Engaging and Changing Higher Education through Brokerage

Education + Training

ISSN: 0040-0912

Article publication date: 1 January 2004

102

Citation

(2004), "Engaging and Changing Higher Education through Brokerage", Education + Training, Vol. 46 No. 1. https://doi.org/10.1108/et.2004.00446aae.002

Publisher

:

Emerald Group Publishing Limited

Copyright © 2004, Emerald Group Publishing Limited


Engaging and Changing Higher Education through Brokerage

Engaging and Changing Higher Education through Brokerage

N.J. Jackson (Ed.)Ashgate2003£45ISBN 0754631486

We are currently mid-way through a 20-year revolution that is fundamentally reshaping British higher education. The system of offering higher education to only an elite, and funding them generously through free tuition and maintenance grants, has been replaced by a mass higher education system in which students (or their parents) are responsible for paying tuition fees and living costs and student loans are the norm. Large numbers of students work part time during term time to finance their studies. More students take the cheaper option of attending their local university, rather than living away from home. "Modules", "credits" and "semesters" become part of the vocabulary of higher education. Continuous assessment plays an ever-greater role as the importance of finals examinations diminishes. "Traditional" disciplines such as physics, chemistry and mathematics decline in importance as the range of courses offered widens to include, for example, golf studies and the popular-music industry. Polytechnics become universities. Universities begin to merge with further-education colleges. "League tables" of universities, unheard of when all universities were thought to be good, grow in importance. Institutions and individuals are rated according to the quality of their research and teaching. Senior politicians challenge the most prestigious universities to admit more people from disadvantaged backgrounds. And on the horizon is the two-year degree course. Successive governments have used the full panoply of levers to achieve these radical reforms – legislation, moral pressure, funding to encourage expansion and change, and reviews such as those chaired by Lord Dearing and Sir Ron Cooke.
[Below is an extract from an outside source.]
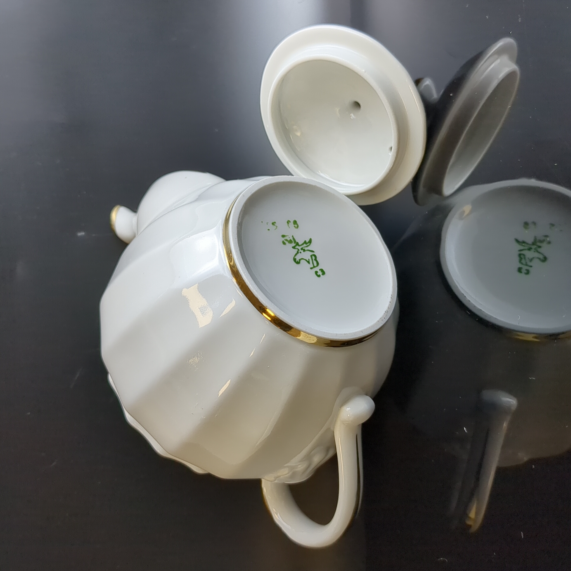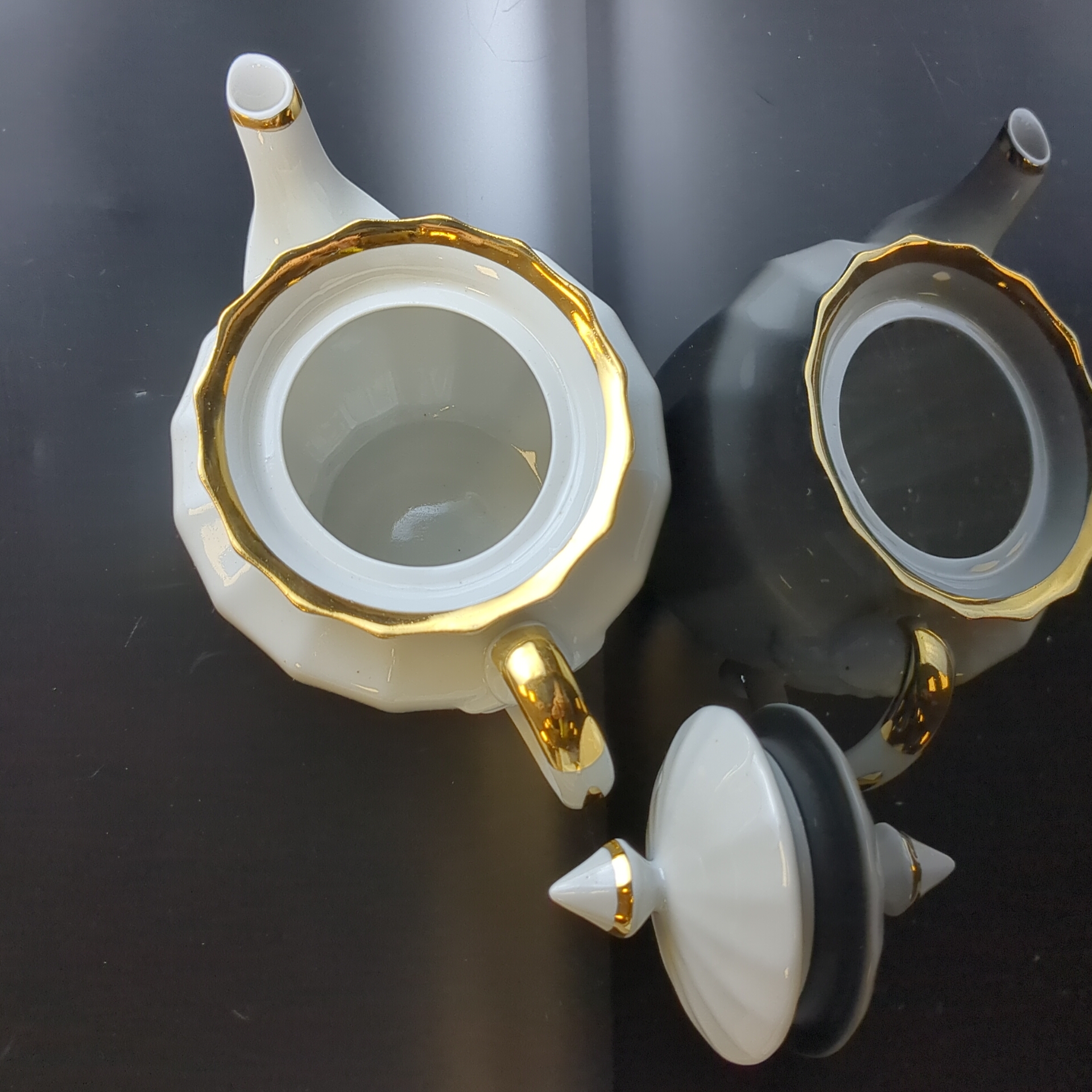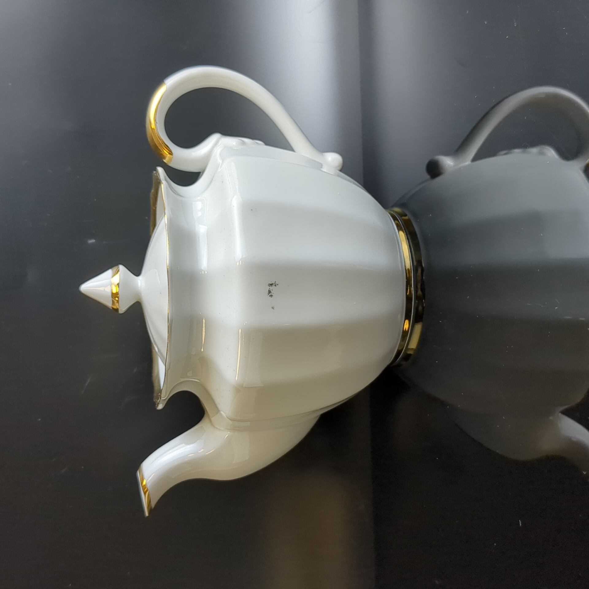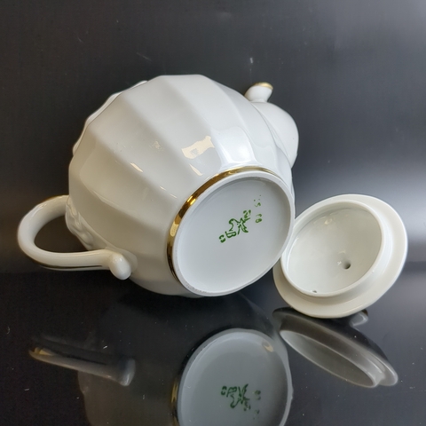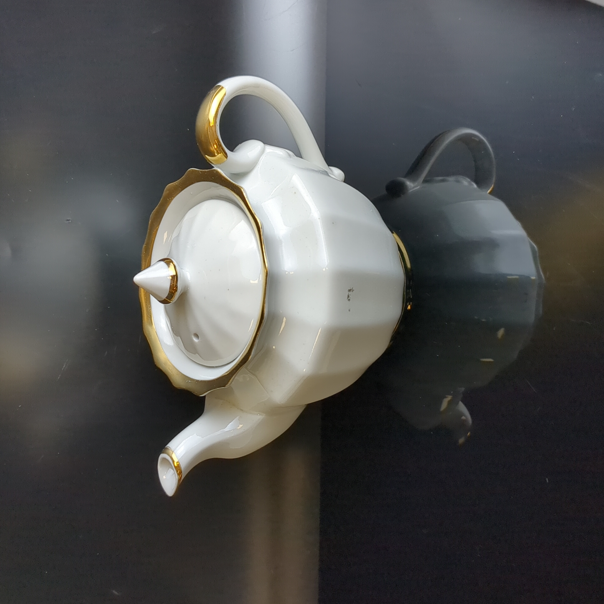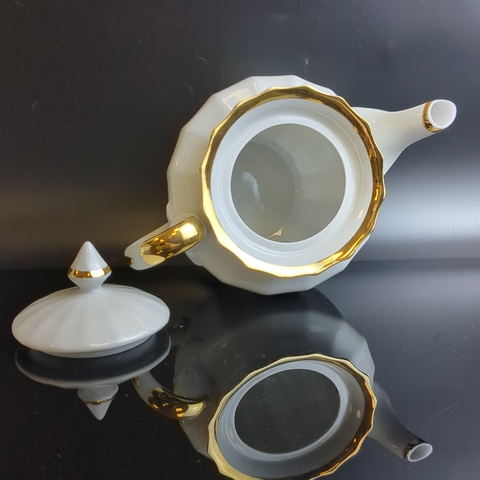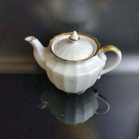 Чайник заварочный "Золотая лента" фарфоровый, Дмитровский завод Вербилки, позолота, винтаж СССР 1965-1991 гг. Высота - 14 см. Состояние на фото

This book examines brokerage as a key agent for change in higher education. Brokerage is presented as a process that facilitates change at all levels of the education system and enables UK higher education to be more adaptive and responsive to society and more competitive in the global educational marketplace. New educational organizations are seen to be emerging as brokers to facilitate systemic change, and many people working in higher education are shown to use brokerage in their day-to-day professional activities.

The editor gets the volume off to a cracking start with three neat chapters that introduce brokering in higher education, highlight the complexity and messiness of change and describe the art of brokering. Peter Knight then examines how to evaluate the brokers, before a sequence of chapters by a wide range of authors provides organizational case studies. These illustrate brokerage at work in the Higher Education Quality Council's quality-enhancement group, the Quality Assurance Agency for Higher Education, the Learning and Teaching Support Network and the University for Industry. The book closes by examining international perspectives on brokerage in higher education.

In his foreword, Professor Ronald Barnett, of the University of London, comments: "The book picks up the term of 'brokerage' and shows, in its analyses and several examples of the idea in action, that the term has a conceptual weight that has probably not, as yet, been recognized. I believe that Norman Jackson and his contributors are to be applauded in doing nothing other than adding a concept to the vocabulary through which we understand contemporary higher education."

Such is the importance of this volume to all those caught up in the maelstrom that is the current world of UK higher education.